When introduced into the cell, the vectors may be maintained as an autonomously replicating sequence or extrachromosomal element or may be integrated into host DNA.
The present system (e.g., proteins, polynucleotides encoding these proteins, and compositions comprising the proteins and/or polynucleotides described herein) may be delivered by any suitable means. In certain embodiments, the system is delivered in vivo. In other embodiments, the system is delivered to isolated/cultured cells (e.g., autologous iPS cells) in vitro to provide modified cells useful for in vivo delivery to patients afflicted with a disease or condition.
Vectors according to the present disclosure can be transformed, transfected, or otherwise introduced into a wide variety of host cells. Transfection refers to the taking up of a vector by a host cell whether or not any coding sequences are in fact expressed. Numerous methods of transfection are known to the ordinarily skilled artisan, for example, lipofectamine, calcium phosphate co-precipitation, electroporation, DEAE-dextran treatment, microinjection, viral infection, and other methods known in the art. Transduction refers to entry of a virus into the cell and expression (e.g., transcription and/or translation) of sequences delivered by the viral vector genome. In the case of a recombinant vector, “transduction” generally refers to entry of the recombinant viral vector into the cell and expression of a nucleic acid of interest delivered by the vector genome.

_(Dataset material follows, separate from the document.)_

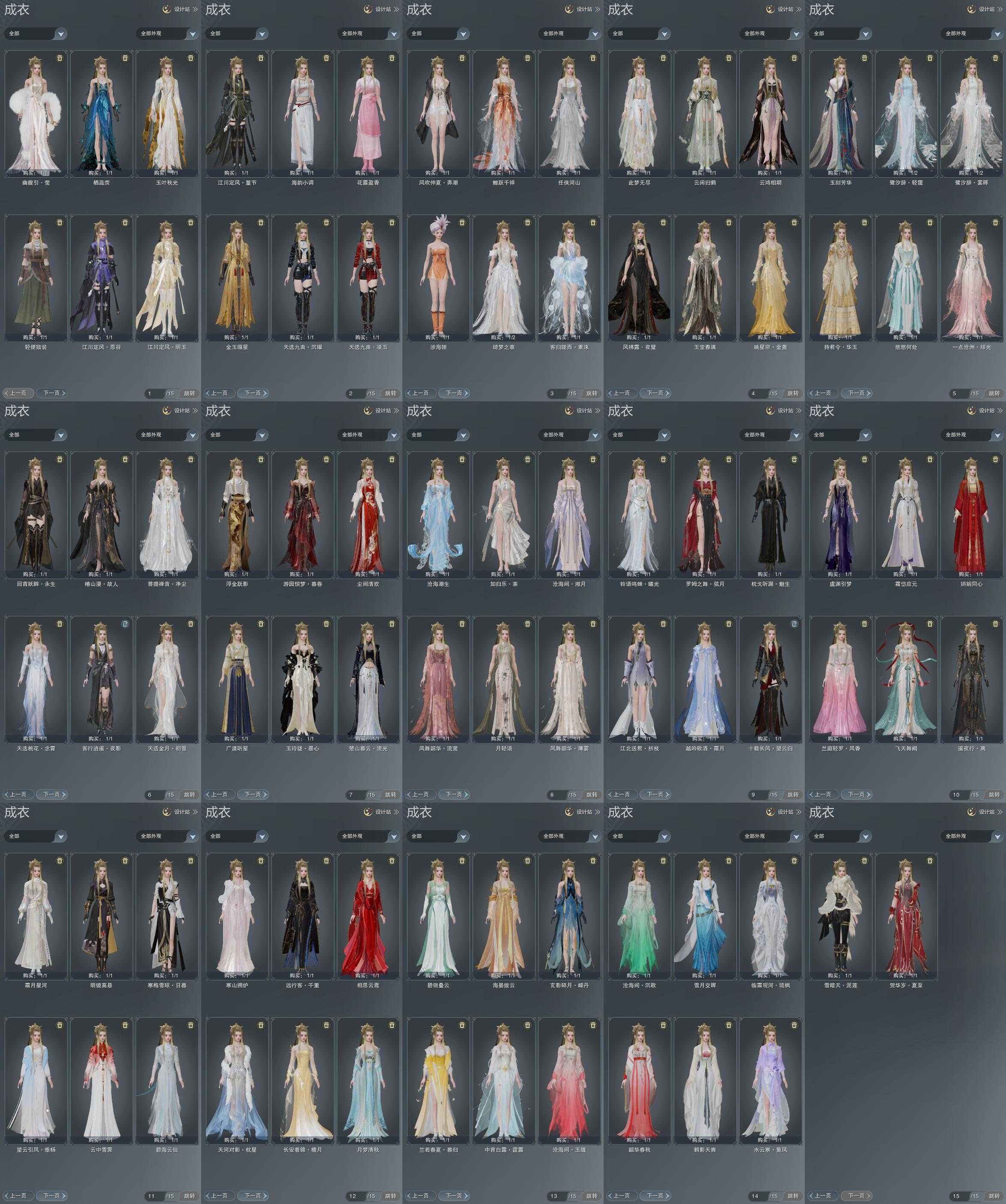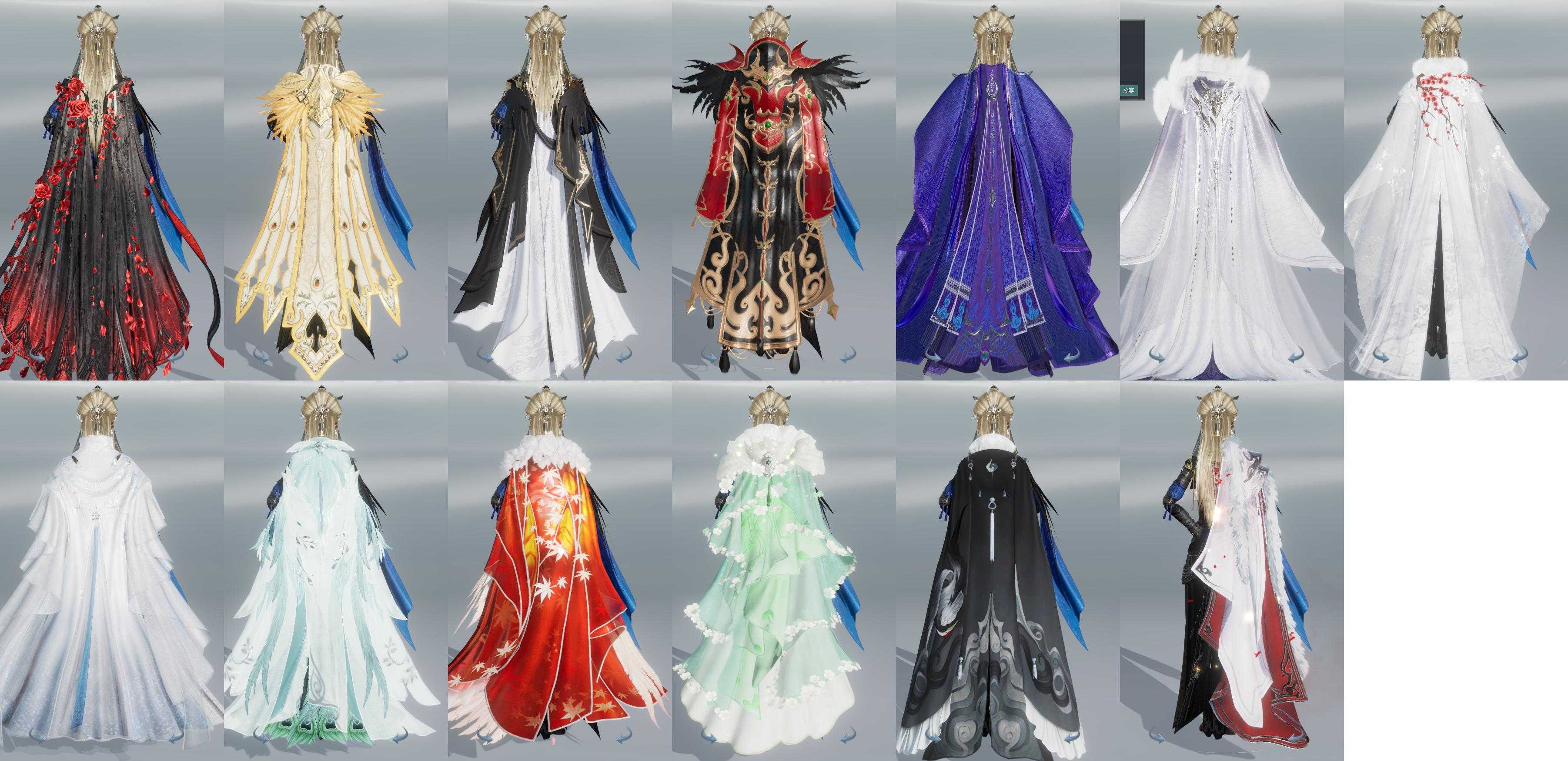 限时限量:[明镜高悬, 富婆套, 水云寒重风, 兰庭凤香, 海韵小调, 望云垂杨, 十三万资历衣, 中宵霆露, 兰若暮归, 寒梅日暮, 黄长安, 烟花套, 黑枕戈, 楚山流光, 十二周年工作服, 客行逍遥夜影, 十三周年成衣, 十四周年工作服, 云闲归鹤]

Any of the vectors comprising a nucleic acid sequence that encodes the components of the present system is also within the scope of the present disclosure. Such a vector may be delivered into host cells by a suitable method. Methods of delivering vectors to cells are well known in the art and may include DNA or RNA electroporation, transfection reagents such as liposomes or nanoparticles to delivery DNA or RNA; delivery of DNA, RNA, or protein by mechanical deformation (see, e.g., Sharei et al. Proc. Natl. Acad. Sci. USA (2013) 110(6): 2082-2087, incorporated herein by reference); or viral transduction. In some embodiments, the vectors are delivered to host cells by viral transduction. Nucleic acids can be delivered as part of a larger construct, such as a plasmid or viral vector, or directly, e.g., by electroporation, lipid vesicles, viral transporters, microinjection, and biolistics (high-speed particle bombardment). Similarly, the construct containing the one or more transgenes can be delivered by any method appropriate for introducing nucleic acids into a cell. In some embodiments, the construct or the nucleic acid encoding the components of the present system is a DNA molecule. In some embodiments, the nucleic acid encoding the components of the present system is a DNA vector and may be electroporated to cells. In some embodiments, the nucleic acid encoding the components of the present system is an RNA molecule, which may be electroporated to cells.
Additionally, delivery vehicles such as nanoparticle- and lipid-based mRNA or protein delivery systems can be used. Further examples of delivery vehicles include lentiviral vectors, ribonucleoprotein (RNP) complexes, lipid-based delivery system, gene gun, hydrodynamic, electroporation or nucleofection microinjection, and biolistics. Various gene delivery methods are discussed in detail by Nayerossadat et al. (Adv Biomed Res. 2012; 1: 27) and Ibraheem et al. (Int J Pharm. 2014 Jan. 1; 459(1-2):70-83), incorporated herein by reference.
Exemplary vectors encoding the systems described herein are provided in SEQ ID NO: 14-55.
Disclosed herein are methods for utilizing the disclosed systems in cell. In some embodiments, the methods are directed to recruiting one or more effectors domains to a target nucleic acid in a cell. In some embodiments, the methods are directed to modulating expression of a target gene in a cell. The methods may comprise introducing the disclosed systems into a cell. The descriptions and embodiments provided above for the engineered CRISPR-Cas system, the gRNA, and the effector domains are applicable to the methods described herein.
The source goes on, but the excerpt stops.